Coming up with a systematic way to paraphrase sentences involving some wacky new term W in biology, sociology, psychology, or art criticism, into sentences that are just a logical product of claims about sets, mereological sums of other more commonplace objects, and preserves all our intuitive reasoning about W, is useful in three ways.
a) New Applications for Old Knowledge: Getting a method of paraphrase lets us bring our logical/set theoretic/substantive knowledge about the terms used in the analysis to bear on the new term in question. If the facts about the Ws parallel the facts about sets of such and such kind, set theory may have interesting implications for facts about the Ws.

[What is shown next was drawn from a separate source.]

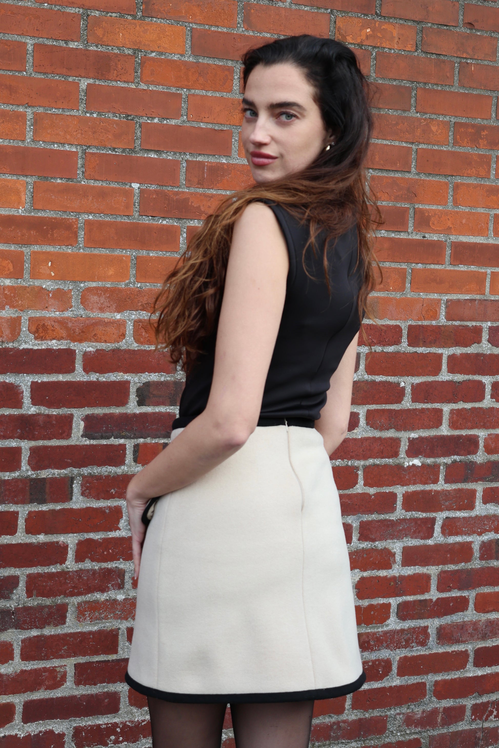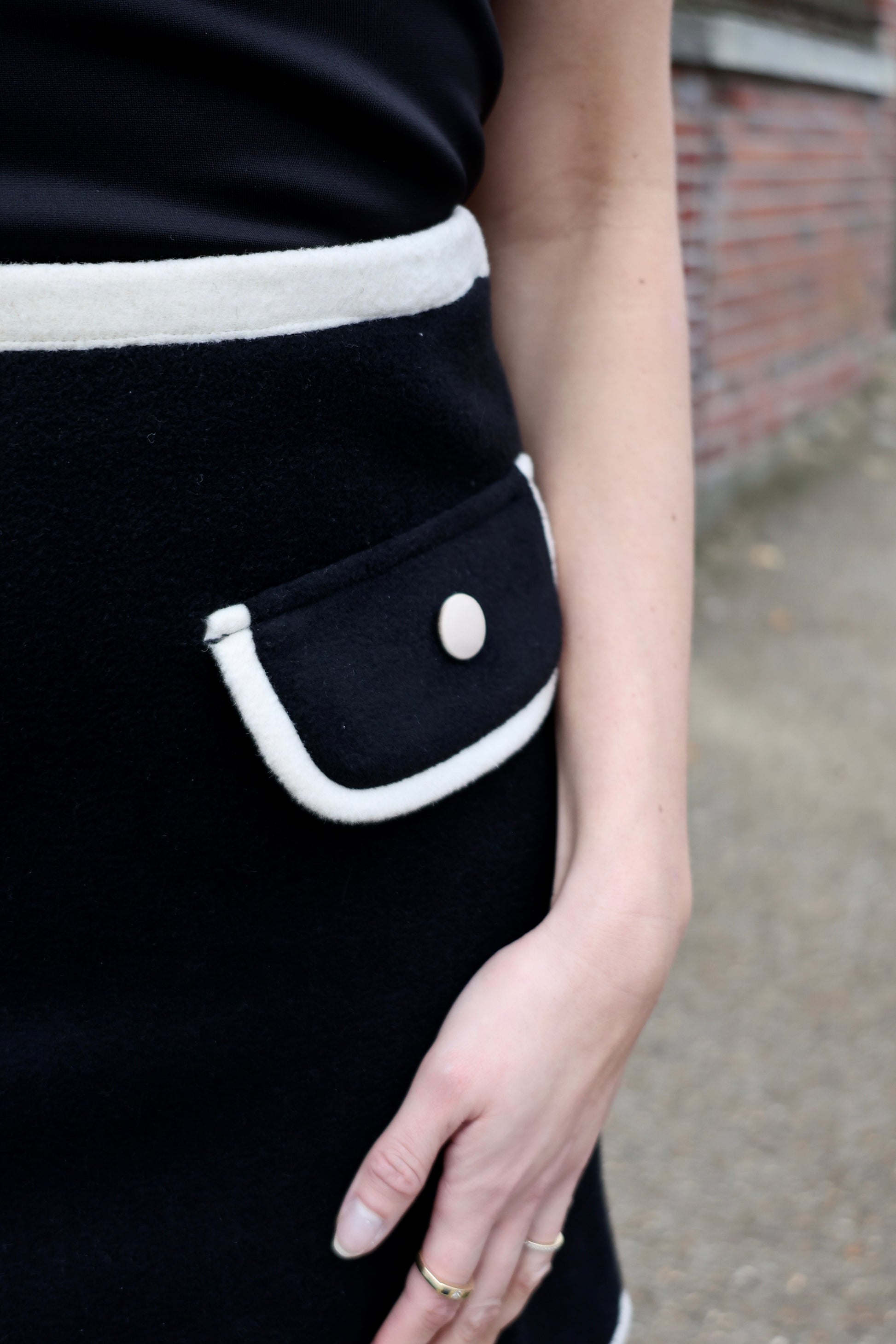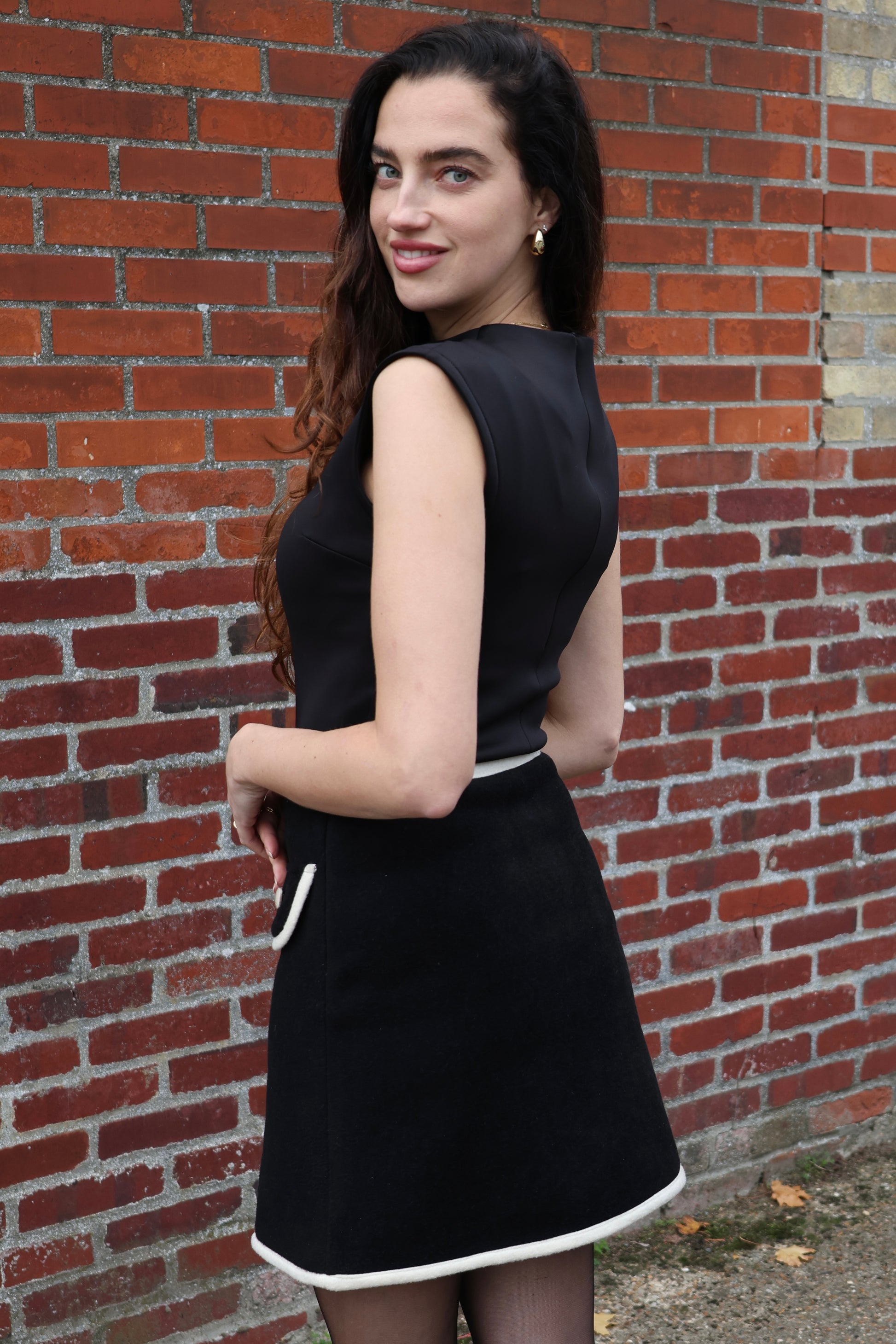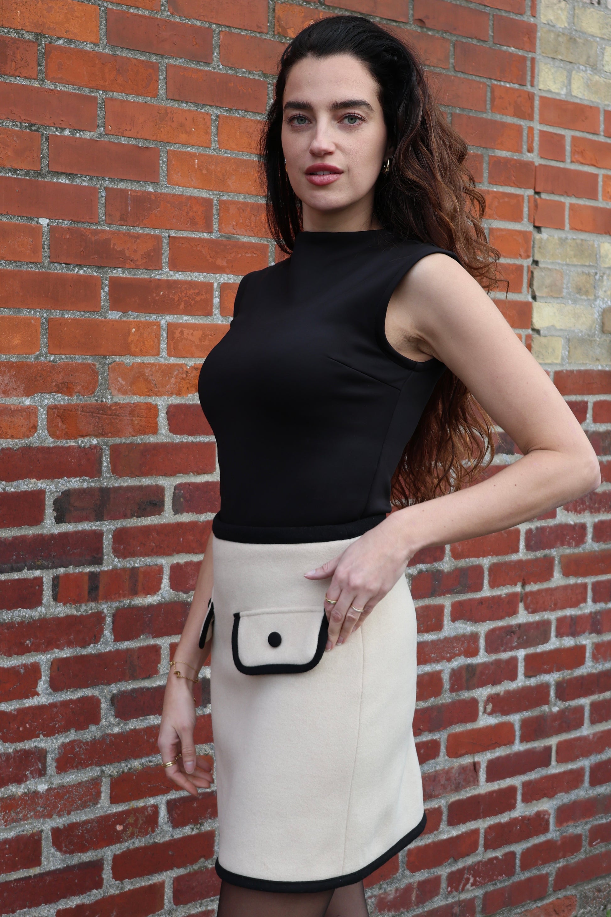La Jupe Courte Mima allie élégance intemporelle et sophistication subtile. Sa coupe féminine et structurée crée une silhouette parfaitement équilibrée, tandis que les détails raffinés — fausses poches à rabat, boutons recouverts en tissu et fermeture zippée cachée à l’arrière — témoignent d’un travail minutieux et luxueux. Une pièce originale et sophistiquée, idéale pour un look effortless, chic et résolument statement.

b) Avoiding Adding Terms Which are "Incoherent" or "Have False Presuppositions": Getting a method of paraphrase may let us prove the consistency and conservativity of reasoning about the wacky new entities. For example if you analyze 'x is bachelor' as 'x is unmarried & x is a man', and then only accept informal reasoning about bachelors that can be reconstructed using this analysis, then it is clear that adding the term 'bachelor' and doing this informal reasoning will not allow you to derive contradiction, or any other new consequences. So, adding informal reasoning about bachelors will do no harm. Here the proof theory (any proof of P which uses the term "bachelor" could be turned into one that doesn't) is so obvious that it's easy not to notice. But the mathematical issues involved in showing consistency and/or conservativity of adopting some term (together with analytic feeling reasoning that goes with that term) can become more interesting when conceptual analysis only provides an *implicit* or recursive definition of the term.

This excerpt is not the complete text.